▶ **ABOUT THIS TASK**
The answer must be every line of the records in which the string "from" appears.

▶ **PROVIDED RECORDS**

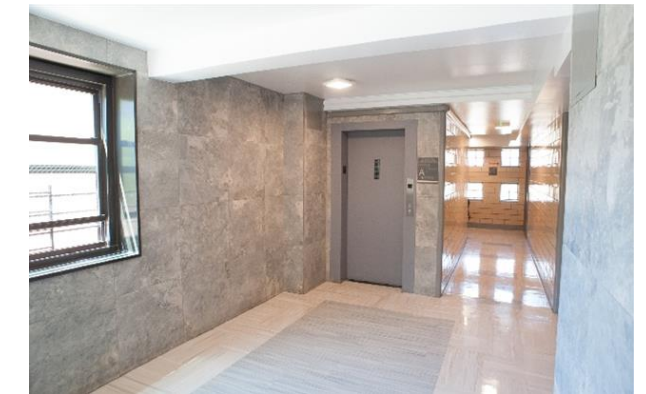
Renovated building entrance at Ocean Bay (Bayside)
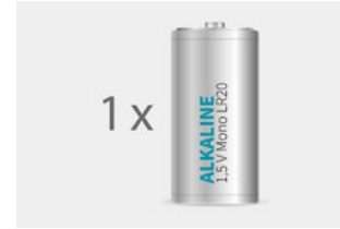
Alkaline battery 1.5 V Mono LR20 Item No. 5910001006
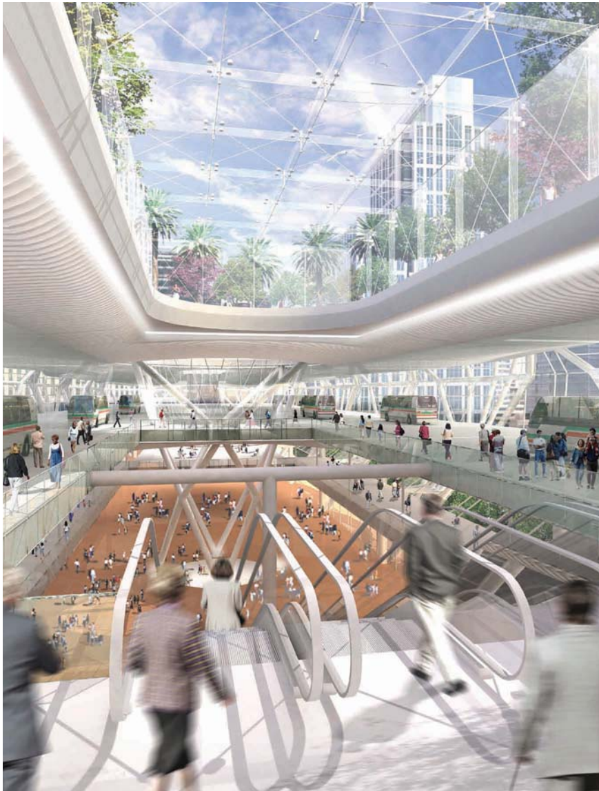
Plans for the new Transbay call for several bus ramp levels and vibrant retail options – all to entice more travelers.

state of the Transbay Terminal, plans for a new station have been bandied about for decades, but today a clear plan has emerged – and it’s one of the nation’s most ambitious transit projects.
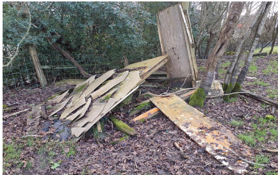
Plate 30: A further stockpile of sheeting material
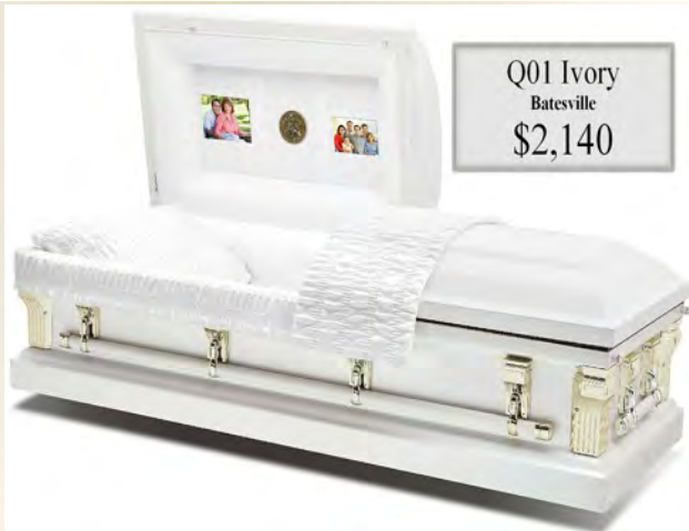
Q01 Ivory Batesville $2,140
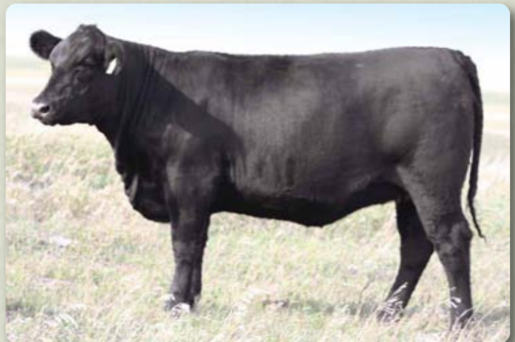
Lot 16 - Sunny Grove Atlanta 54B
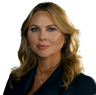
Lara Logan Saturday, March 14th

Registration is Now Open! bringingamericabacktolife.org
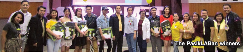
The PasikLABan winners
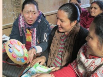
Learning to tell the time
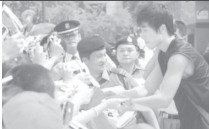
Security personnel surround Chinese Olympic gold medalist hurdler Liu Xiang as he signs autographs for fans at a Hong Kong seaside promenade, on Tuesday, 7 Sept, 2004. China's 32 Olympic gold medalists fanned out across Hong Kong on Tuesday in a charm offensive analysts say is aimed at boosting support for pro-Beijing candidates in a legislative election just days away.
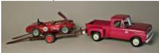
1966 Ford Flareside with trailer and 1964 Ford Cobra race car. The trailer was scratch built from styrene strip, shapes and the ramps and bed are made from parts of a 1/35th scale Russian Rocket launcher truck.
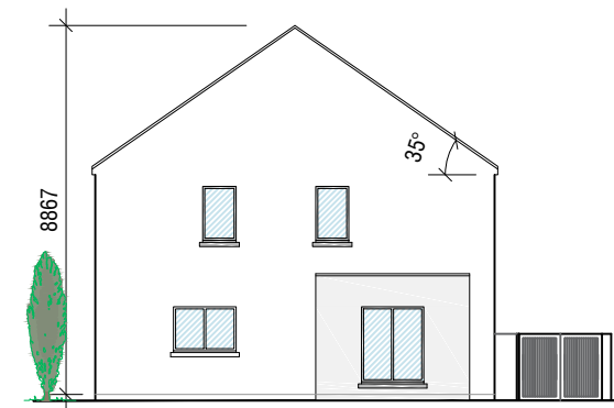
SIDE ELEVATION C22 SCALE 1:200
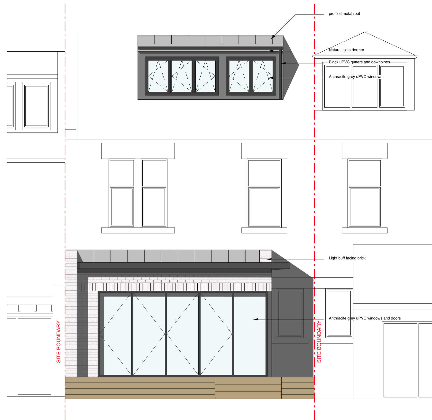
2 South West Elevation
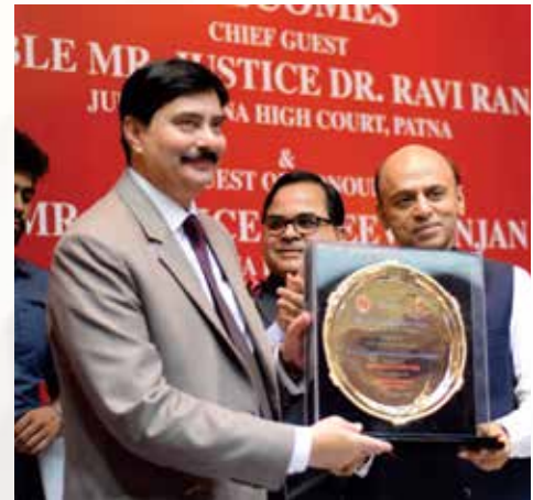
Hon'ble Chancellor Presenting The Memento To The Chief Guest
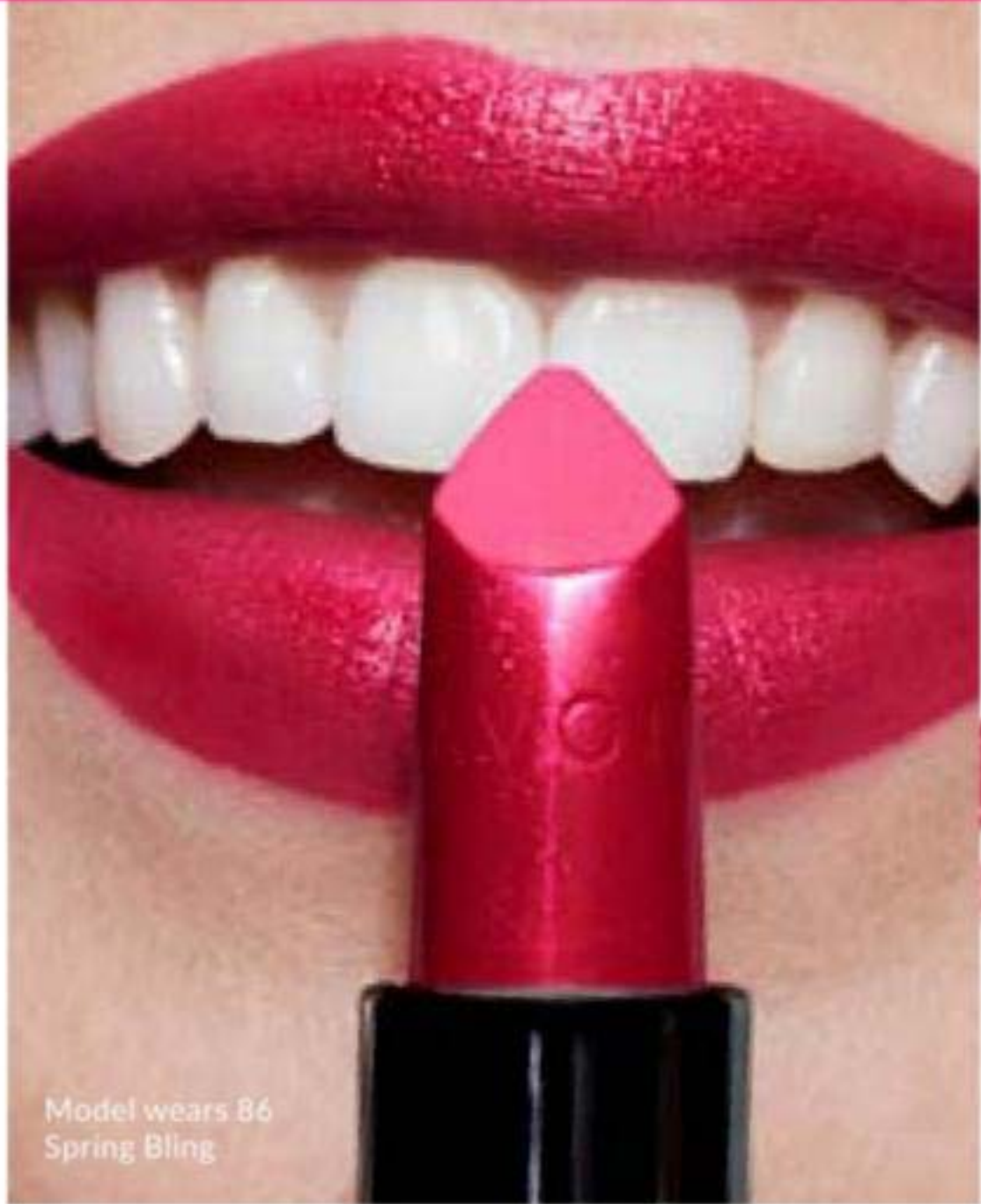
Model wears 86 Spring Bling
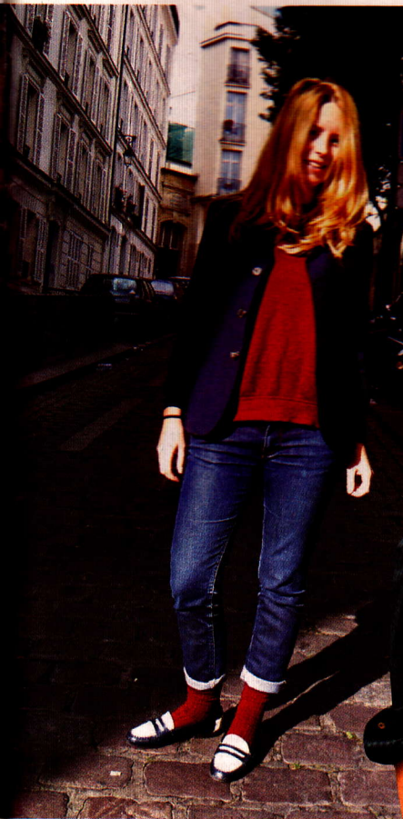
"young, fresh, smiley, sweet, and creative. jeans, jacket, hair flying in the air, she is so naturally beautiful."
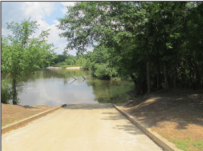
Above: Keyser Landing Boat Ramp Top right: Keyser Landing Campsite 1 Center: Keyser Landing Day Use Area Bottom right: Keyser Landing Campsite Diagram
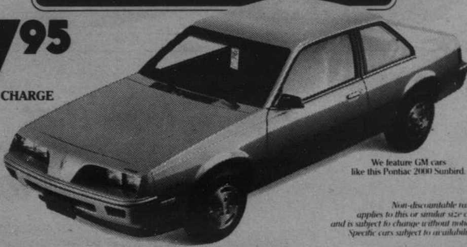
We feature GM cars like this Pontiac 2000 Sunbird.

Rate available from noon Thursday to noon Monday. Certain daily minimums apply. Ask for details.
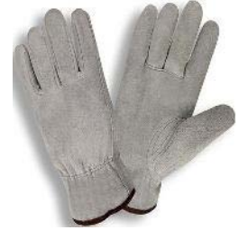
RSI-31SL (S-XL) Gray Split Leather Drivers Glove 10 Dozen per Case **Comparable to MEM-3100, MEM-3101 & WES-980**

▶ **RESULT**
1966 Ford Flareside with trailer and 1964 Ford Cobra race car. The trailer was scratch built from styrene strip, shapes and the ramps and bed are made from parts of a 1/35th scale Russian Rocket launcher truck.
Rate available from noon Thursday to noon Monday. Certain daily minimums apply. Ask for details.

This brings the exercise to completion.